The reporting should also raise yellow alarms where guesswork is indicated by end of quarter close dates, excessive ‘hang time’ within stages or close dates that are out of step with typical sales cycle lengths.
Does the sales rep ‘own’ the forecast?
Salespeople should regard themselves as personally accountable for their forecast and not as data entry clerks. Make sure each rep understands what the pipeline and forecast reporting is used for and mandate a common format that is easy to use.
There should be no exceptions. Salespeople will often believe their circumstances are unique. They will tell you the admin is cutting in to selling time regardless of how much admin is required or how productive they are the rest of their time!
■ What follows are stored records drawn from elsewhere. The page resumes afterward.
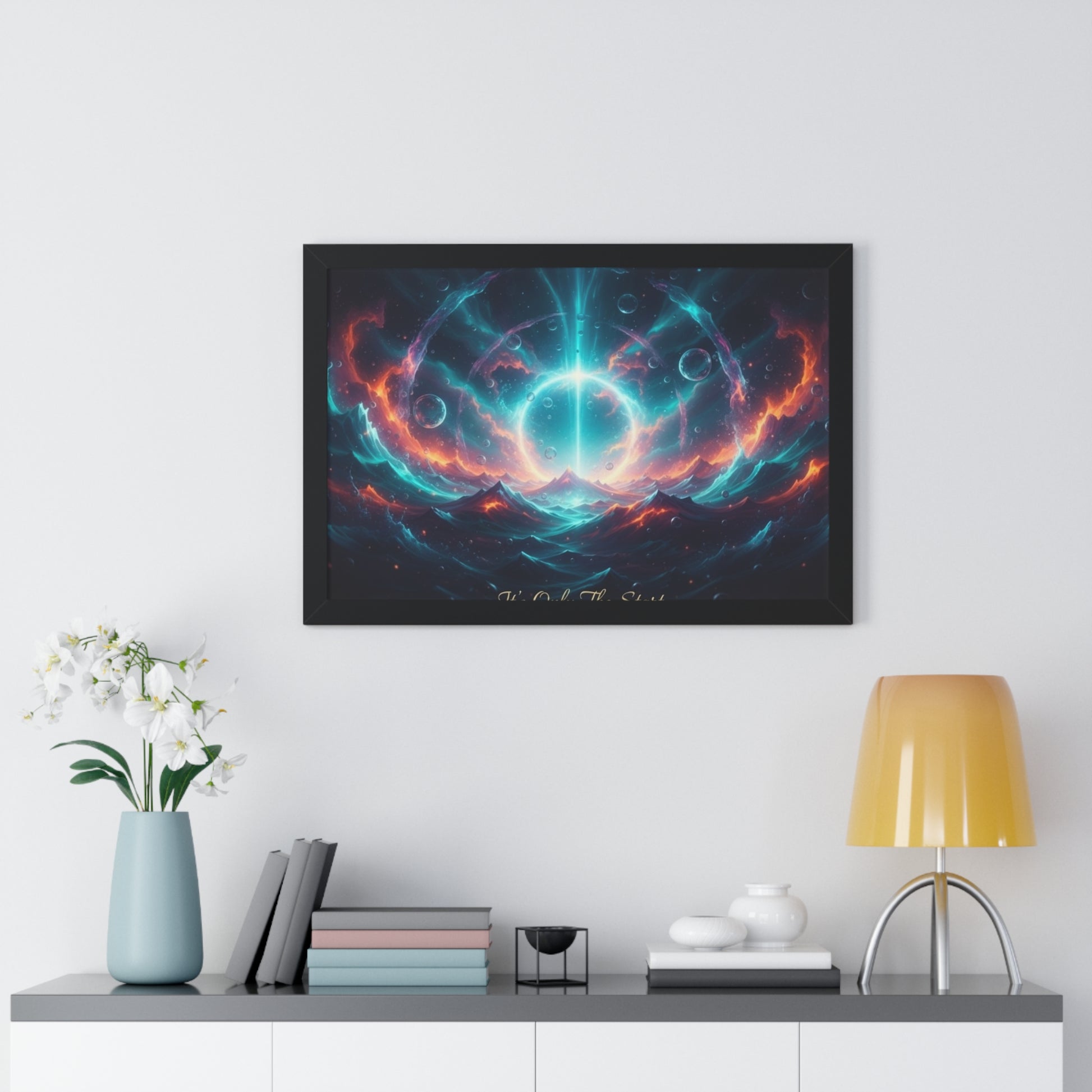 A framed horizontal poster that brings a cinematic, otherworldly scene into any room. Vivid pigment inks render turquoise lights, ember-orange clouds, and deep inky shadows with crisp contrast on museum-grade, matte LexJet paper. The artwork floats within a clean MDF frame (black, walnut, or white) behind a protective acrylic cover. Pre-installed hanging hardware and a fixed hanging kit make it simple to display the piece right out of the box. This poster feels like a quiet doorway to the unknown — a nightly invitation to sit, stare, and imagine what comes next.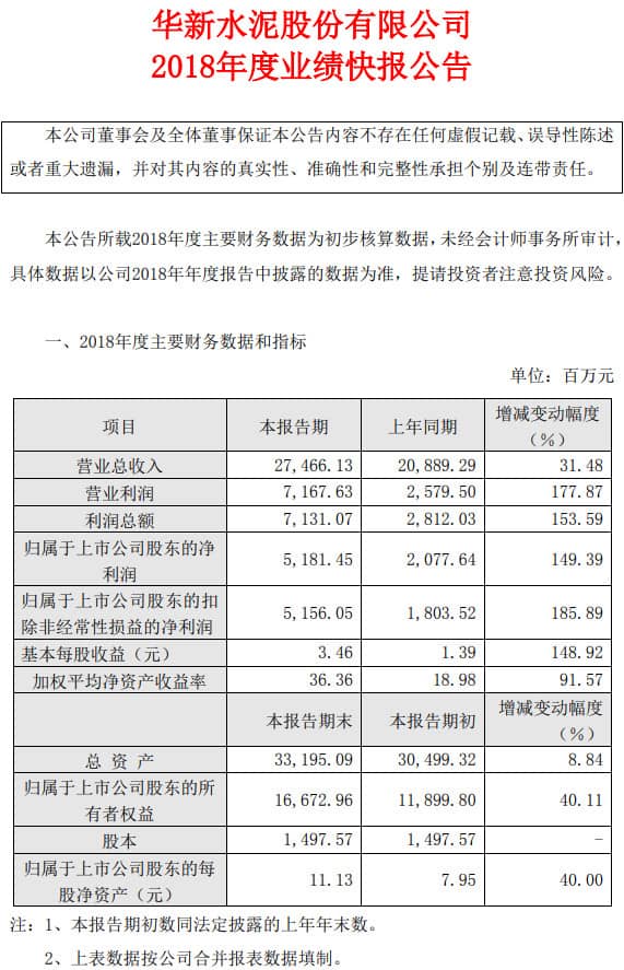 3月2日,華新水泥股份有限公司公布了2018年度快報(bào)公告,公司2018年度營業(yè)總收入274.66億元,同比增長31.48%;凈利潤51.81億元,同比增長149.39%;基本每股收益3.46元。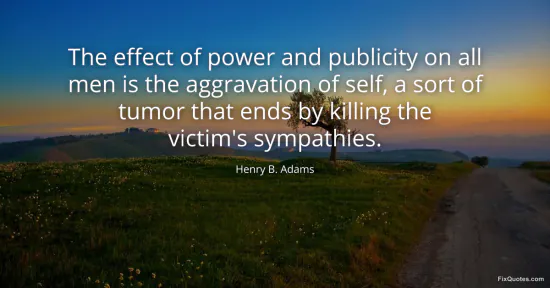 Adams, Henry B. "The effect of power and publicity on all men is the aggravation of self, a sort of tumor that ends by killing the victim's sympathies." FixQuotes. January 15, 2026. https://fixquotes.com/quotes/the-effect-of-power-and-publicity-on-all-men-is-144018/.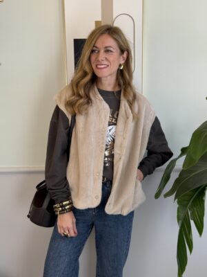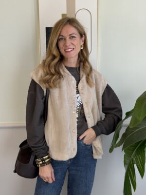 Cappotto in lavorazione spigata con collo in eco pelliccia removibile.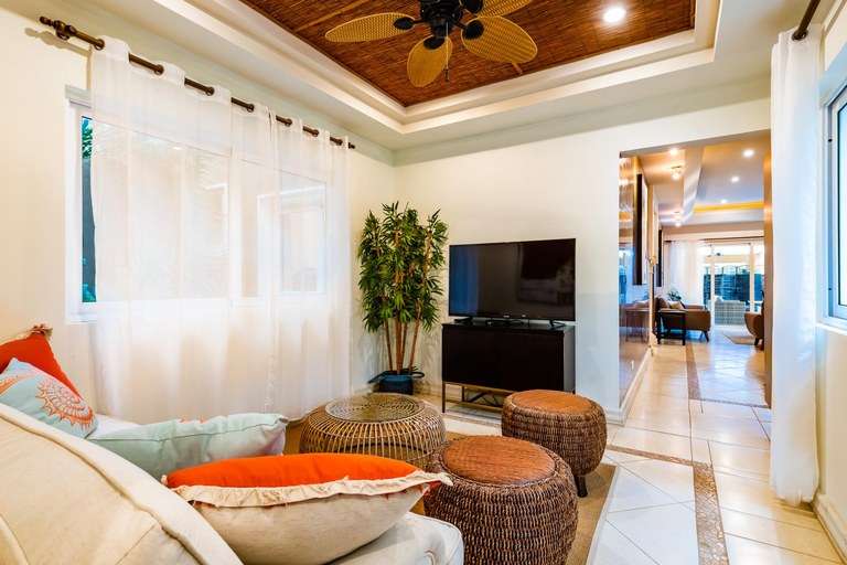 The open-concept great room features high ceilings and connects seamlessly to a large, covered balcony—perfect for entertaining, dining al fresco, or simply relaxing in the warm tropical breeze. The modern kitchen is outfitted with granite countertops and stainless steel appliances, while the living area offers a dedicated TV space with a sofa bed for guests. Each bedroom includes a private en-suite bathroom and walk-in closet, offering privacy and comfort.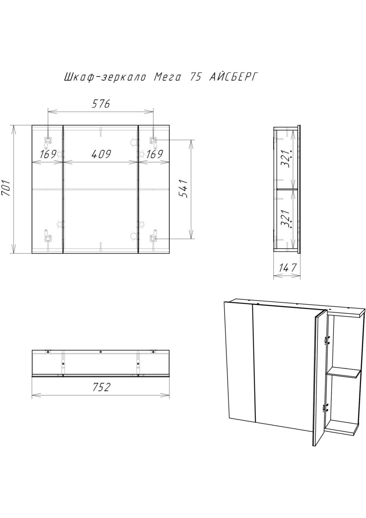 Шкаф-зеркало Мега 75 АЙСБЕРГ (DM4604HZ)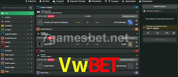 O Vwbet oferece uma grande seleção de opções de apostas em e-sports com probabilidades competitivas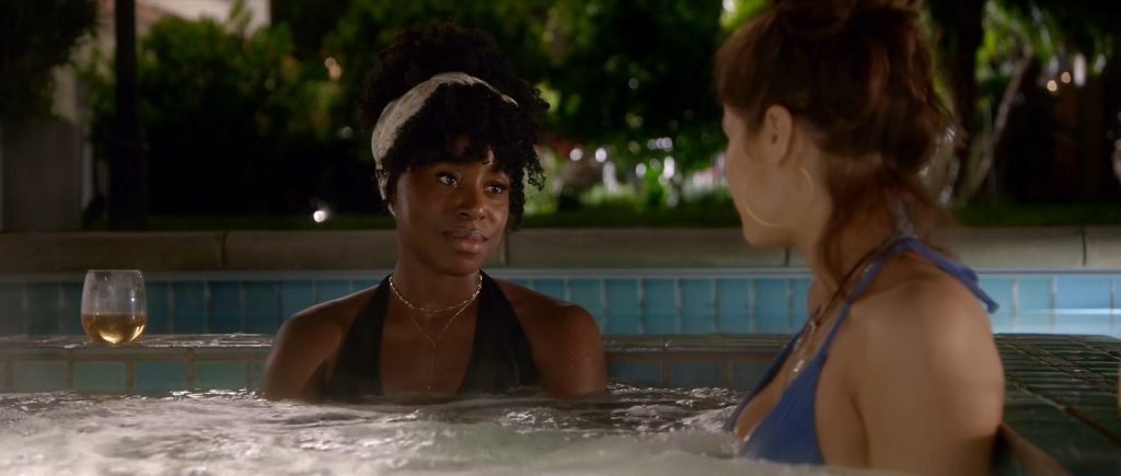 Смотрите еще одну горячую сцену Александры Даддарио без наготы из “Почему женщины убивают” (2019) Сезон 1 Эпизод 2 (s01e02), где вы можете увидеть ее (в роли Джейд), сидящей в джакузи с Кирби Хауэлл-Бэптист (в роли Тейлор Хардинг). Александра демонстрирует декольте в своем синем бикини. Алекс и Кирби почти целуются, но их прерывает парень, присоединившийся к ним в ванне. О, у них могла бы получиться отличная межрасовая секс-сцена!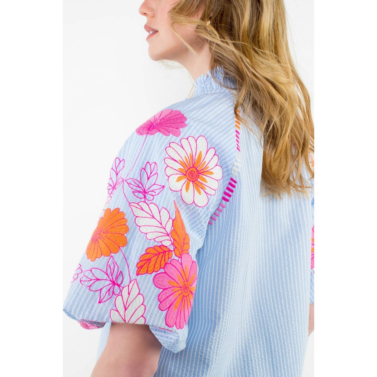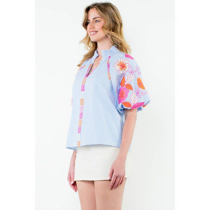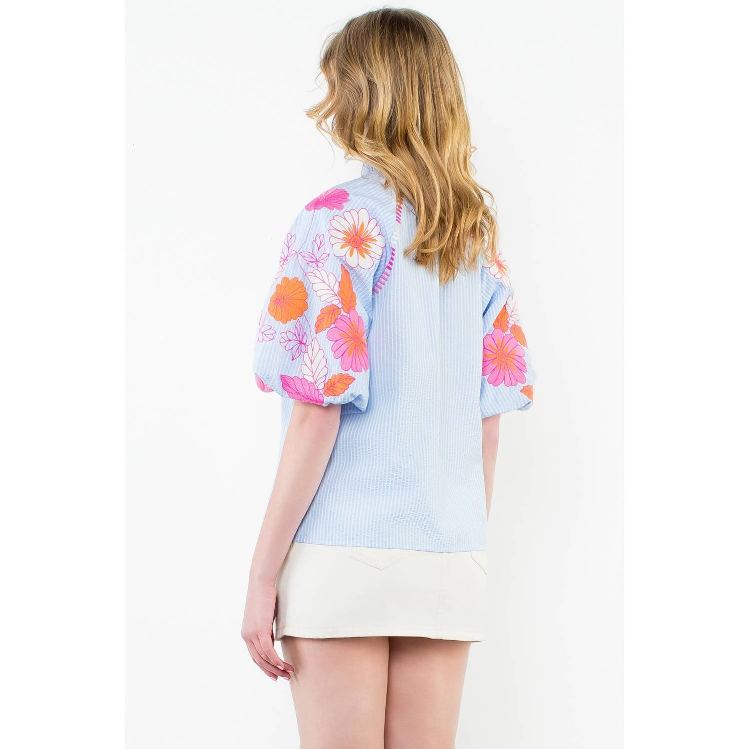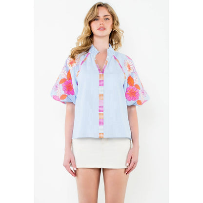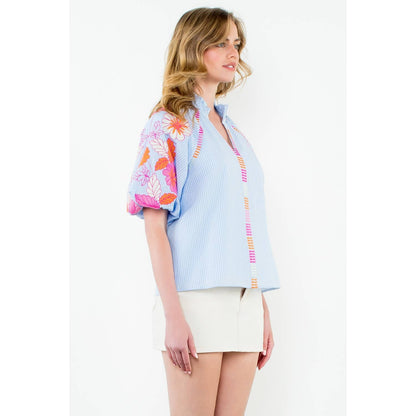 Floral Embroidered Puff Sleeve Striped Top . / Style Measurements for Size S / Designed in USA - Body Length: 24 in - Bust Width: 39 in - Sleeve Length: 16 3/4 in . / Model Sizes - Wearing Size S - Height 5' 9", Bust 32", Waist 25 1/2", Hips 36" . Fabric Content - WOVEN / 50% Rayon, 50% Polyester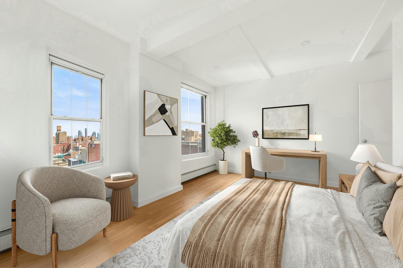 Live the East Village dream in this spacious, meticulously renovated, light drenched one bedroom residence with incredible open city viewsImagine coming home to a bright, beautifully renovated, chic one bedroom in the iconic Christodora House, directly across from Tompkins Square Park. From the moment you enter the renowned, historically designated Art Deco lobby, the buildings storied past and architectural significance are on full display.Apt 8A is calling your name. Best to answer quickly.Set within the East Villages most sought-after full-service condominium, this thoughtfully updated residence offers a rare opportunity to own a home with style, sweeping views, and exceptionally low carrying costs.The layout offers a natural flow for both everyday living and effortless entertaining. The living space is inviting and well scaled, offering ample room to relax, host, and unwind. Throughout the home, prewar character meets modern refinement. Soaring 10-foot beamed ceilings and beautiful hardwood floors create a sense of volume and warmth rarely found in a one bedroom.A welcoming entry opens into a bright, expansive living space with oversized north and west facing windows that fill the home with soft, consistent natural light throughout the day.Seamlessly connected to the living space, the functional and beautifully integrated kitchen features quartz countertops and backsplash, generous wood cabinetry, a full suite of stainless-steel appliances, and an island that works equally well for preparation, casual dining, or morning coffee.The large bedroom comfortably accommodates a king with room to spare. Generous closet space keeps everything in place, while two oversized windows bring in natural light and frame open views beyond.The bathroom has been beautifully renovated with marble flooring, striking black hardware, and a warm wood vanity, equal parts modern and warm.With its turnkey condition, thoughtful updates, and unusually low monthlies, this home presents a compelling opportunity for both end users and investors alike. Hello, 1031.Built in 1928 and converted to a condominium in 1986, The Christodora House is one of the East Villages most iconic prewar residences. This full service, pet friendly building offers a full-time doorman, elevator, resident manager, laundry on every floor, yay!, and a large bicycle room, seamlessly blending historic character with everyday convenience.Life here is quintessential East Village, vibrant, eclectic, and full of eats, treats, and everything in between. Directly across from Tompkins Square Park and moments from the neighborhoods best restaurants, cafés, boutiques, and nightlife, this is downtown living at its best.Note: There is a monthly assessment of 197.95 and 122.29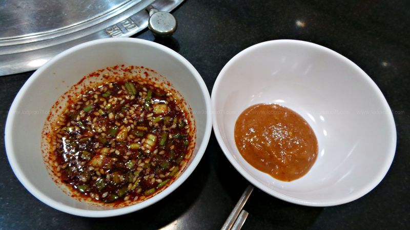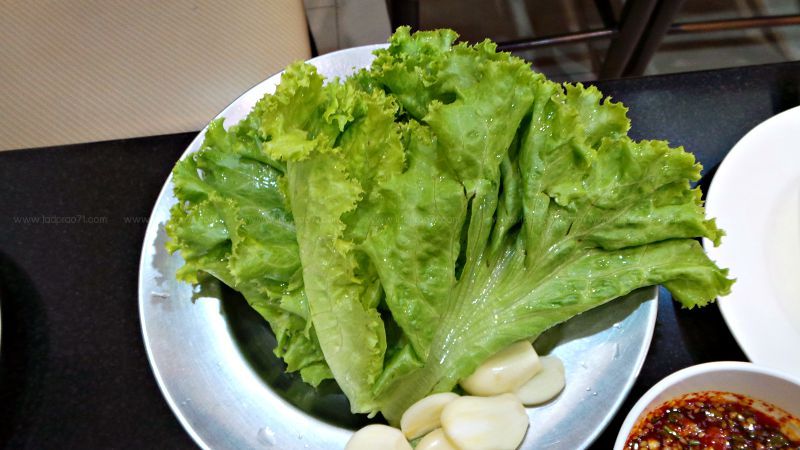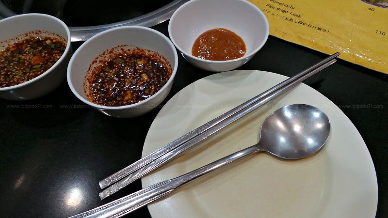 ส่วนน้ำจิ้มจะมีมาให้ 2 แบบ มีคล้ายๆจิ้มแจ่วแต่สไตล์เกาหลี และแบบเป็นซอสสีแดง เราชอบแบบจิ้มแจ่วเกาหลี และตะเกียบเป็นแบนๆแบบนี้ซึ่งเราใช้ไม่ถนัดเท่าไหร่ และก็จะมีผักกาดหอมมาให้ พร้อมกระเทียมแกะเสร็จสรร 1 จาน ขอเพิ่มไม่ได้ด้วยเช่นกัน ต้องจ่ายเงินเพิ่ม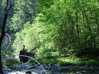 Images: Al's framed Peter Byrne photo featuring Mike Hodgson on the film site; middle, from I.C.'s GPS unit, the Bluff Creek headwaters; below, the film site seen from upstream of the "big bend." Photos, first and last: by Steven Streufert.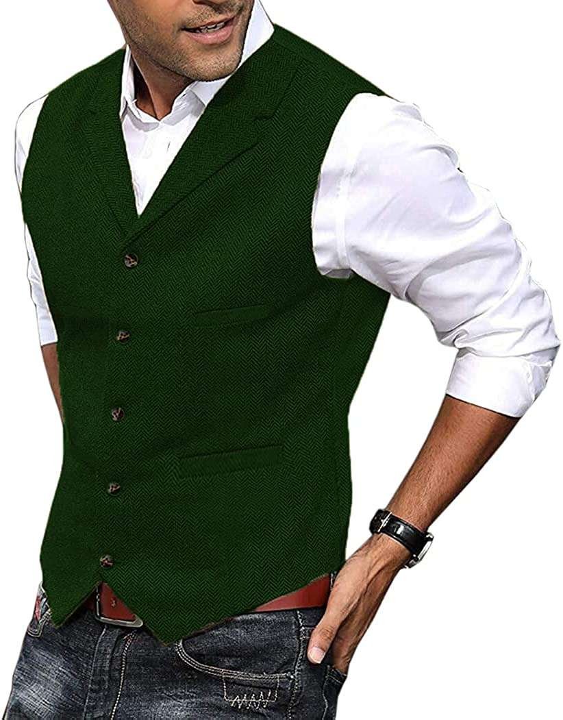 Mens Vest Casual Soft Wool Tweed Suit Vest Herringbone Waistcoat for Groosmen Best Man
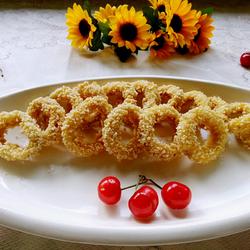 8. Heat oil in a pot until 50% hot water and fry the squid rings until both sides are golden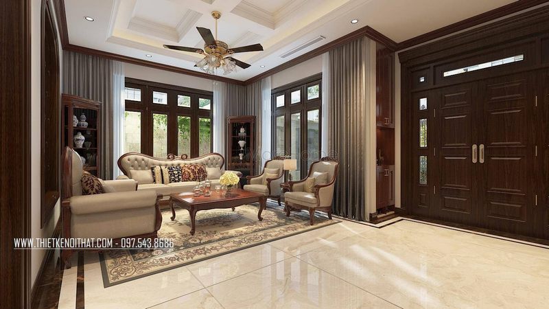 Thiết kế phòng khách theo phong cách tân cổ điển với nội thất gỗ óc chó tự nhiên bọc bởi nỉ Bỉ cao cấp.
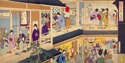 The trees in Kannazuki are beginning to change color, signaling the arrival of the beautiful autumn season with its vibrant leaves. People went out to enjoy the autumn leaves. In Kamigata (Kansai region), Tsutenkyo Bridge and Takao in Kyoto as well as Tatsuta River in Nara, are renowned for their autumn foliage. Meanwhile, in Edo (Tokyo), Kaian-ji Temple in Shinagawa and Takinogawa River in Oji are popular spots for viewing autumn foliage.
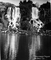 PC-2428 The Twin Falls from the river level, showing all three falls. -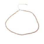 Chic color stone beaded necklace. Chain made of .925 sterling silver and features stranded beautiful round and semi round light pink color stone accents. Stones vary due to their unique and genuine nature. Edgy and classic all at once. Choker 14 inch, 16 inch with 925 silver extender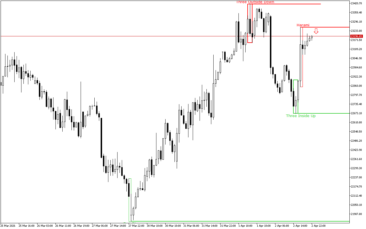 Төмөнкү динамика жогорураак убакыт алкагында басымдуулук кылганына карабастан, узак позицияга күн ичинде артыкчылык берилиши керек. Диаграммадагы акыркы сигнал күн ичинде жогорулоо кыймылынын жайылышын көрсөтөт.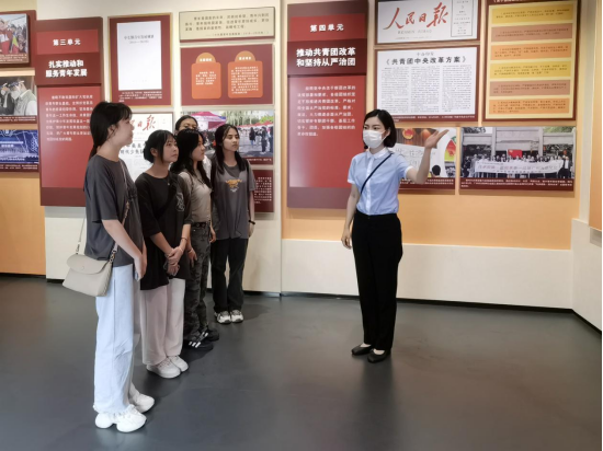 团一大纪念馆紧扣中国共产党领导下的中国社会主义青年团创建主题,展示了党亲手缔造共青团、指导共青团创建的历程。实践队跟随着讲解员,融入东园记忆,唤醒历史命脉,回顾五四运动爆发时,在党的领导下各地社会主义青年团的建立;学习中国社会主义青年团第一次全国代表大会潮起东园的故事,领会一代又一代青年在“党有号召,团有行动”的口令下不懈奋斗的精神。馆内展品丰富多样,珍贵的历史文物和照片真实地为我们展现英雄故事、青春故事、革命故事。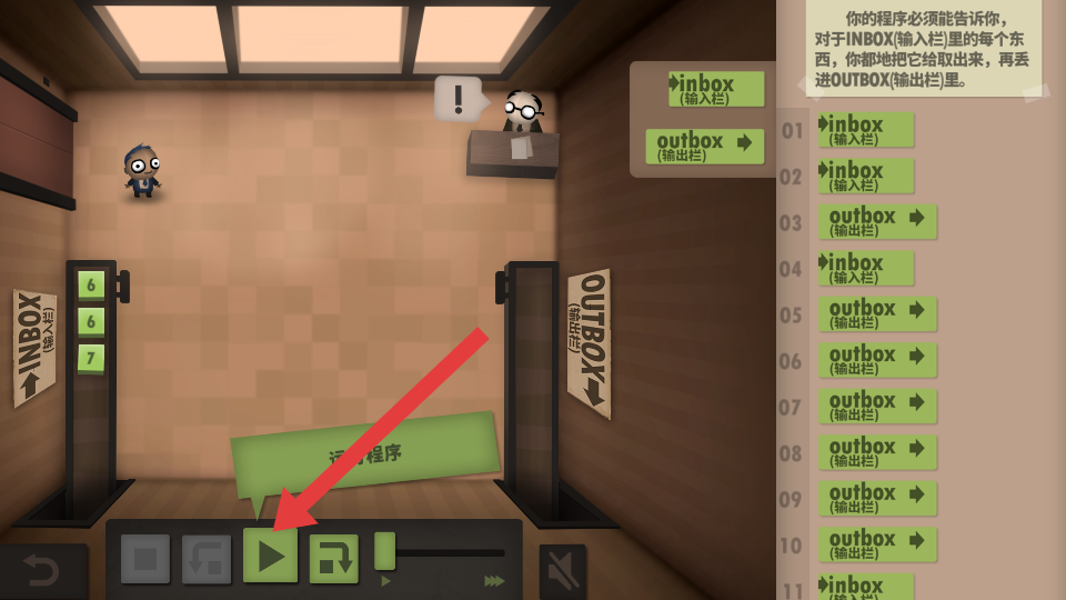 4、点击箭头指向的运行按键绿色三角形,执行编写好的程序,测试程序是否能正确处理INBOX输入栏。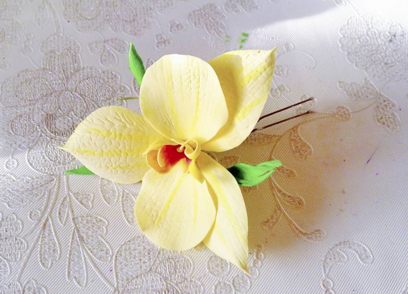 Сначала необходимо подготовить картонные шаблоны всех деталей поделки. Орхидею из фоамирана можно сделать в виде отдельного цветка, как украшение повязки, заколки или в виде оригинального декора в горшке. Средние лепестки делаем из материала на несколько тонов темнее, чем крайние. С помощью карандашей наносим характерные полоски и текстуру, согреваем в руках и растягиваем, придавая всем частям определенную форму.

Challenge the use of default values in the reporting tools.Fixing probability percentages to stages takes away the obligation from the salesperson to make a judgement. Make sure entry screens are clean and easy to use and key forecast information is prominent.
Margin notes
Some of the colour behind these 6 questions might be surfaced by system reporting, emerge in deal or pipeline reviews, or by the manager’s experience and instinct. Each manager will know their individual salespeople and where to shine a light. These questions quickly identify critical gaps, repeated mistakes or sub optimal behaviours that need to be addressed to improve forecast accuracy.
The lessons learned should become inputs to content creation, training and coaching investments that raise standards across the whole sales team including onboarding processes and initiatives to nurture, retain and develop the best sales performers.